### Dataset content
- Opening Delimiter -
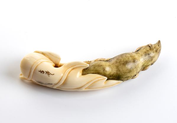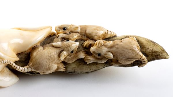Japanese ivory Okimono with rat, Meiji period, 19th century
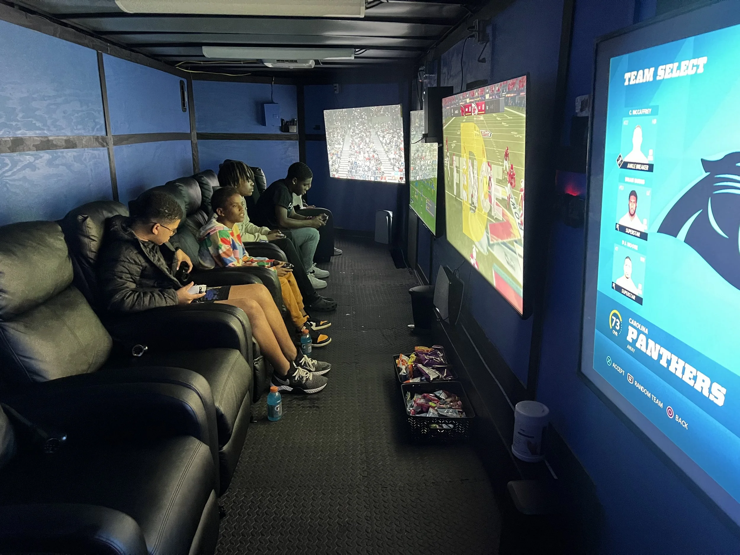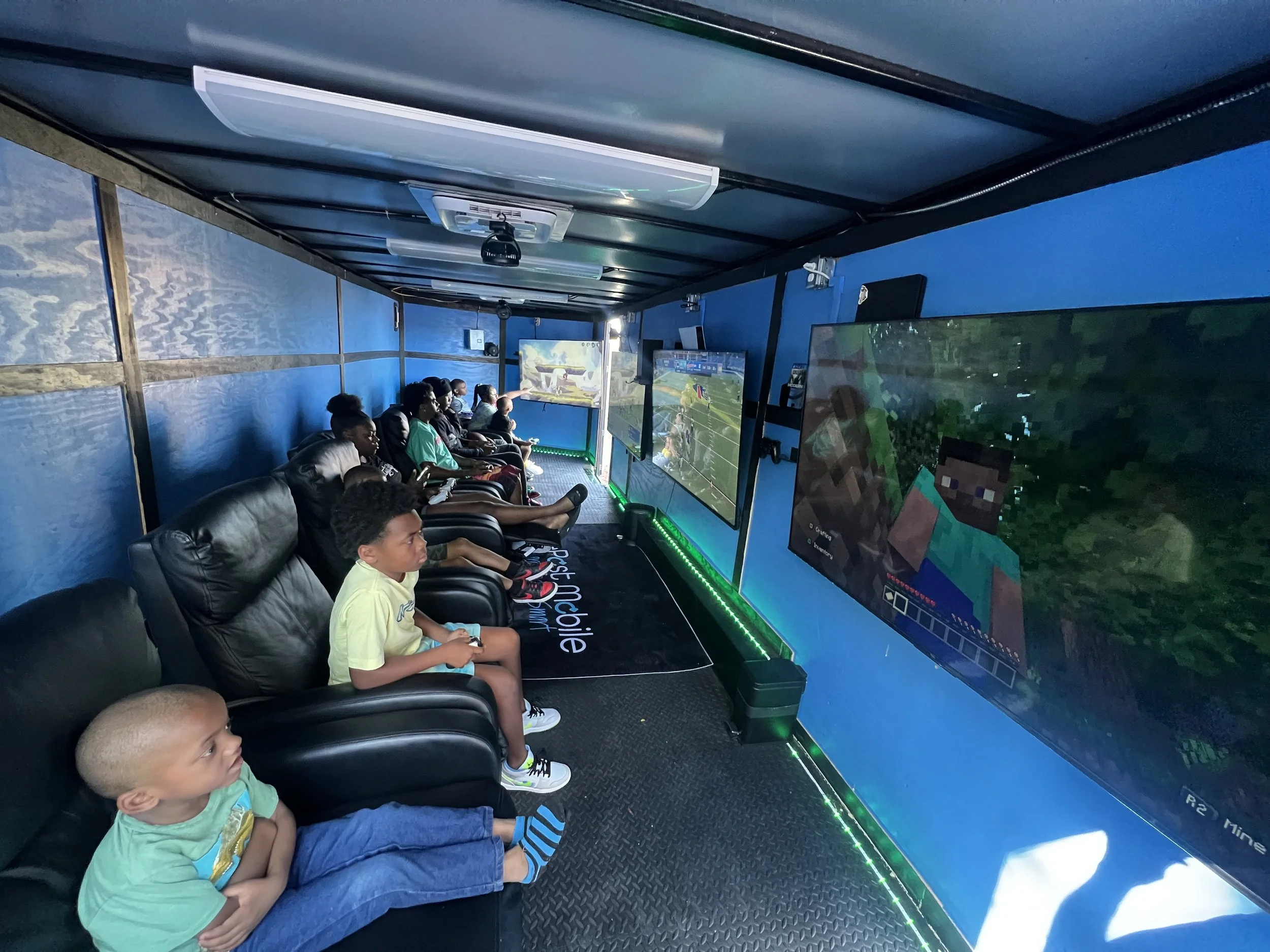 PrePost Mobile Gaming brings the best theater quality and gaming experience right to you! Our 24 foot trailer has 4 gaming stations playing on 65 inch tv’s and full climate control. With 10 comfortable reclining chairs and studio quality sound for party scenes.
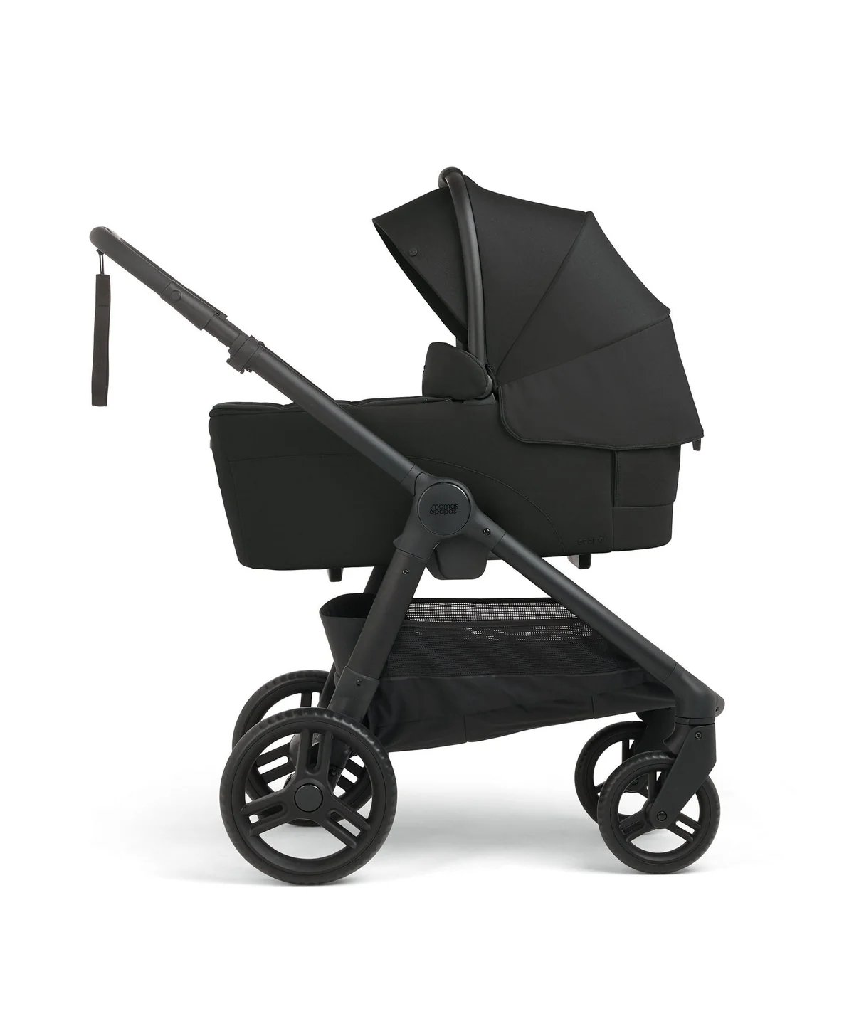 Approved for overnight sleep, this carrycot is designed for use with the Ocarro 2 pushchair and interior carrycot stand* to deliver the ultimate in comfort, convenience and safety. The cushioned, lie-flat mattress supports a natural sleeping position for newborns, perfect for daytime napping and safe overnight rest, whether on the chassis or portable stand. A fold-down, removable apron allows you to settle baby quickly and quietly, while the hood's ventilation panels keep them shaded, cool and comfortable. Updated with premium quilted lining, featuring moisture-wicking and antibacterial properties, it’s as practical as it is plush. Styled to perfectly complement the Ocarro 2 Eclipse, our carrycot showcases the same soft, recycled fabrics in a shadowy black palette and modern matte accents for effortless contemporary style.
- Closing Delimiter -
### Task requirements
Each line of the data must be restated exactly, and the pictures must be left out.

### Solution for this task
Japanese ivory Okimono with rat, Meiji period, 19th century
 PrePost Mobile Gaming brings the best theater quality and gaming experience right to you! Our 24 foot trailer has 4 gaming stations playing on 65 inch tv’s and full climate control. With 10 comfortable reclining chairs and studio quality sound for party scenes.
 Approved for overnight sleep, this carrycot is designed for use with the Ocarro 2 pushchair and interior carrycot stand* to deliver the ultimate in comfort, convenience and safety. The cushioned, lie-flat mattress supports a natural sleeping position for newborns, perfect for daytime napping and safe overnight rest, whether on the chassis or portable stand. A fold-down, removable apron allows you to settle baby quickly and quietly, while the hood's ventilation panels keep them shaded, cool and comfortable. Updated with premium quilted lining, featuring moisture-wicking and antibacterial properties, it’s as practical as it is plush. Styled to perfectly complement the Ocarro 2 Eclipse, our carrycot showcases the same soft, recycled fabrics in a shadowy black palette and modern matte accents for effortless contemporary style.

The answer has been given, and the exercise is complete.